When Steve Coogan suggests, (I’m)”Not up-and-coming. I’ve arrived“, it’s all very amusing. This is about himself as the fictional character he plays in Michael Winterbottom‘s latest installment of The Trip. In this case, The Trip to Spain. Coogan joins the familiar ‘family’ man, Rob Brydon, and in the same scenario a phone call is made, a location is suggested, and there is another adventure filled with bickering and eating. It’s all that easy.
The film features romanticised scenery just like in the other two trips to England and Italy. One quickly realises, however, that it doesn’t matter what the location is, because in no time the boys will find a way to break out an impersonation. And they keep coming. The locally sautéed goodness is shovelled down their throats as do many scenes that feel like being stuck on the kids table. Revisiting previous Michael Caine gags, this time Marlon Brando, Roger Moore and Mick Jagger, amongst others get a serve.
But The Trip to Spain is fresher and has new laughs to get excited about. While it does use the same formula – it’s about food/culture, tangents of existential crisis, and a few sexual flings (the latter not apparent this time) – it has progressed. The Trip to Spain‘s vague conclusion/statement makes you want answers but also makes you happy to be left without knowing if this is the final one. It has really done itself justice to the characters and their self healing adventures.

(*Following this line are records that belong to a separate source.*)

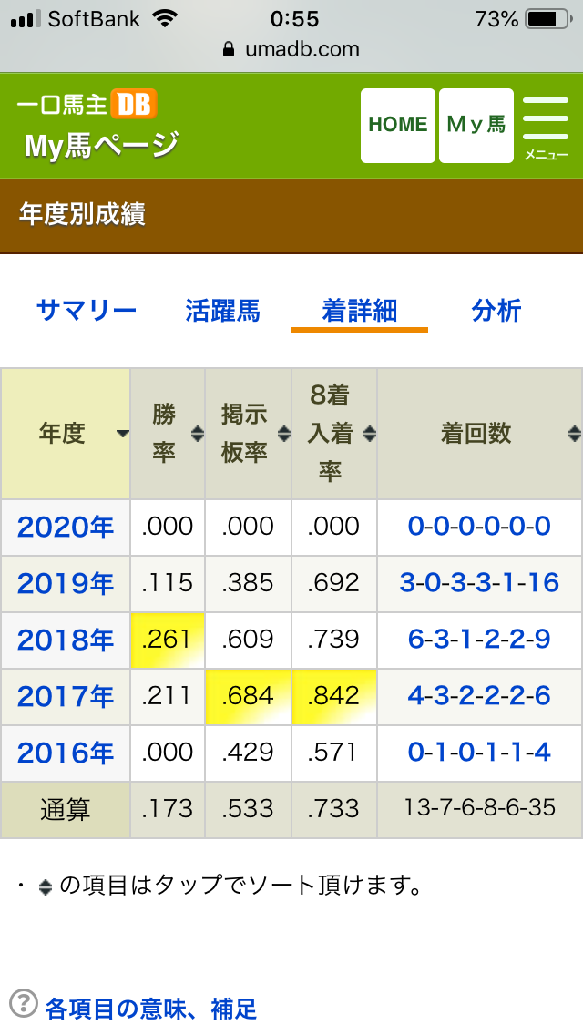 JUGEMテーマ:一口馬主 新年明けましておめでとうございます! 2020年の競馬が始まる前に、まずは2019年の愛馬の成績を振り返りつつ総括したいと思います。 出走頭数は4世代で10頭、26戦3勝【3.0.3.3.1.16】、勝率と連帯率が12%、複勝率23%、掲示板率38%でした。勝率、連帯率、複勝率、掲示板率の全てにおいて過去2年間よりも悪い数字となってしまいました。2019年は走れば半分以上の確率で掲示板外ということですから… ちょっと悔しいですね… ...
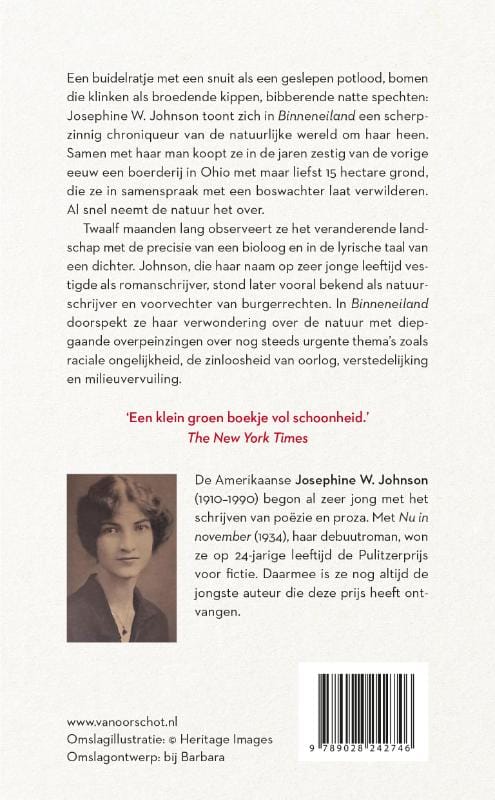 Een buidelratje met een snuit als een geslepen potlood, bomen die klinken als broedende kippen, bibberende natte spechten: Josephine W. Johnson toont zich in Binneneiland een scherpzinnig chroniqueur van de natuurlijke wereld om haar heen. Samen met haar man koopt ze in de jaren zestig van de vorige eeuw een boerderij in Ohio met maar liefst 15 hectare grond, die ze in samenspraak met een boswachter laat verwilderen. Al snel neemt de natuur het over.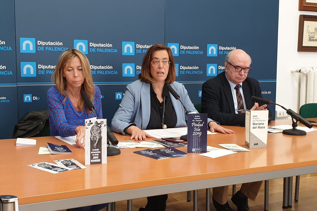 La presidenta de la Diputación, Ángeles Armisén, junto a la diputada de Cultura Carmen Fernández, ha presentado esta mañana en rueda de prensa la apertura de los plazos de inscripción a los diversos premios que convoca la Institución Provincial: Jorge Manrique, Piedad Isla y Mariano del Mazo y que premian el talento cultural y artístico vinculado a nuestra provincia.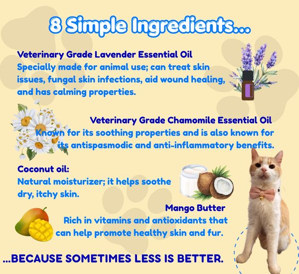 Helping your pet's skin issues holistically with a multipurpose formula for Cats & dogs. Our balm is enriched with veterinary grade lavender and chamomile essential oils.

What makes another trip tolerable is the charm of Coogan and Brydon. The comedy lies in their differences and their ability to make a mockery of the situation and themselves. Personality wise, Brydon is the content and welcoming one. Coogan is clearly ego driven. He expresses himself as the more serious actor on the brink of something big, but really Coogan can’t shake of his post Philomena success.
Winterbottom makes you feel a part of the actor’s journey in self discovery and authenticity. Bringing this ‘authentic’ self in front of the camera makes this a personal but meta experience. There is also loads of enjoyment to get from the acting. You have to commend Coogan and Brydon for the way we are lead to believe that these fictional characters are themselves. It’s an absurd mirage to think it is not real but in fact acted.

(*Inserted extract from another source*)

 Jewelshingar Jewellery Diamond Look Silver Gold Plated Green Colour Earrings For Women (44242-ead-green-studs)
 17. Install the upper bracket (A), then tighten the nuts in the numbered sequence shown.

The Trip to Spain may not be for everyone’s tastes. You really have to be familiar with Coogan and Brydon’s work, or see an art to being an impressionist/impersonator.

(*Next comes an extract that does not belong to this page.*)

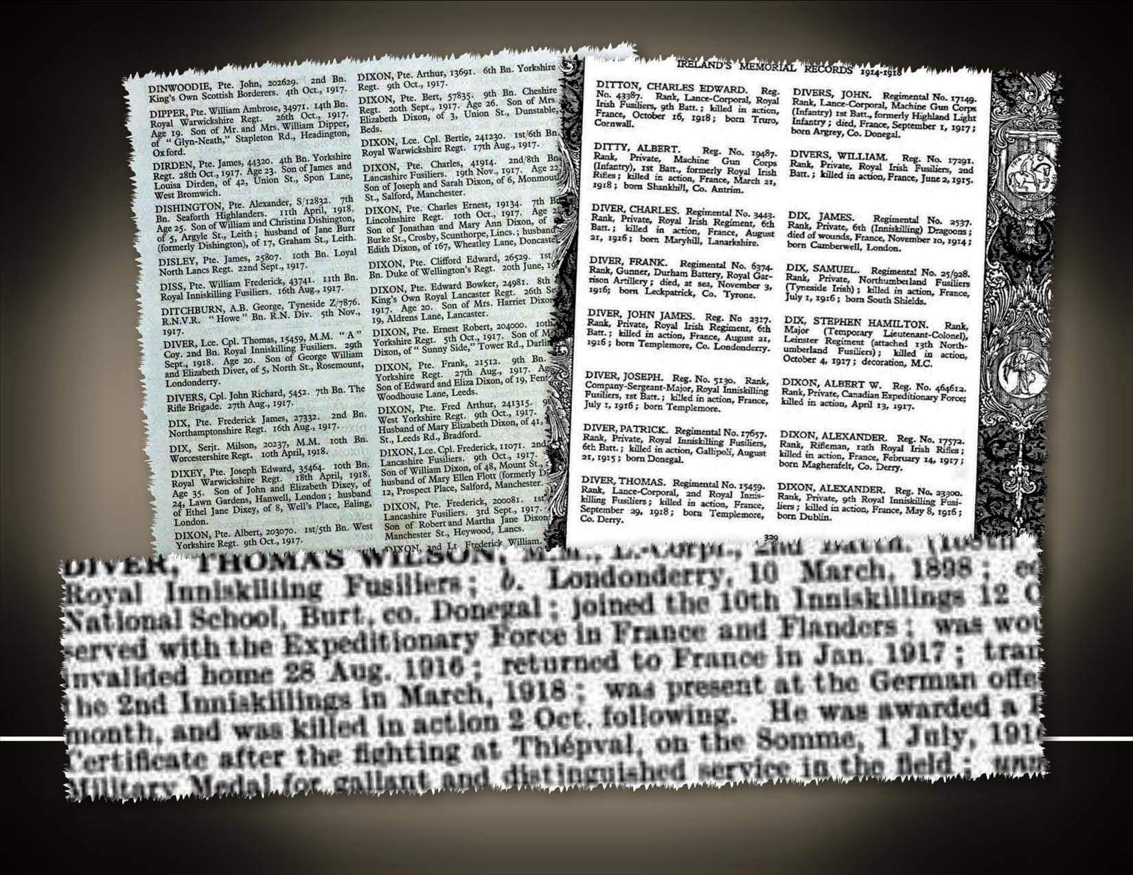 I would like to say a very special thank you to Nigel Henderson of Great War Belfast Clippings who provided me with a newspaper clipping of a notice which read: “Lance Corporal T.W. Diver, Royal Inniskilling Fusiliers, Creggan Road, Derry, who has received an Ulster Division Certificate, commended for gallantry in the field.” The best part… it came with a photo! Many thanks Nigel!

As a whole, The Trip to Spain is more of a collection of stories/jokes and observations depending on what you can connect with. Some work better than others. Impressions that I had no connection with wore thin and felt tedious and boring. Almost waiting for that joke to be over, you know that it could turn any second. When you are in on the joke, and get it, that’s a different story. That’s when The Trip to Spain is a supercharged lesson in comic genius.
The Trip to Spain is in cinemas from 3rd August through Madman Films.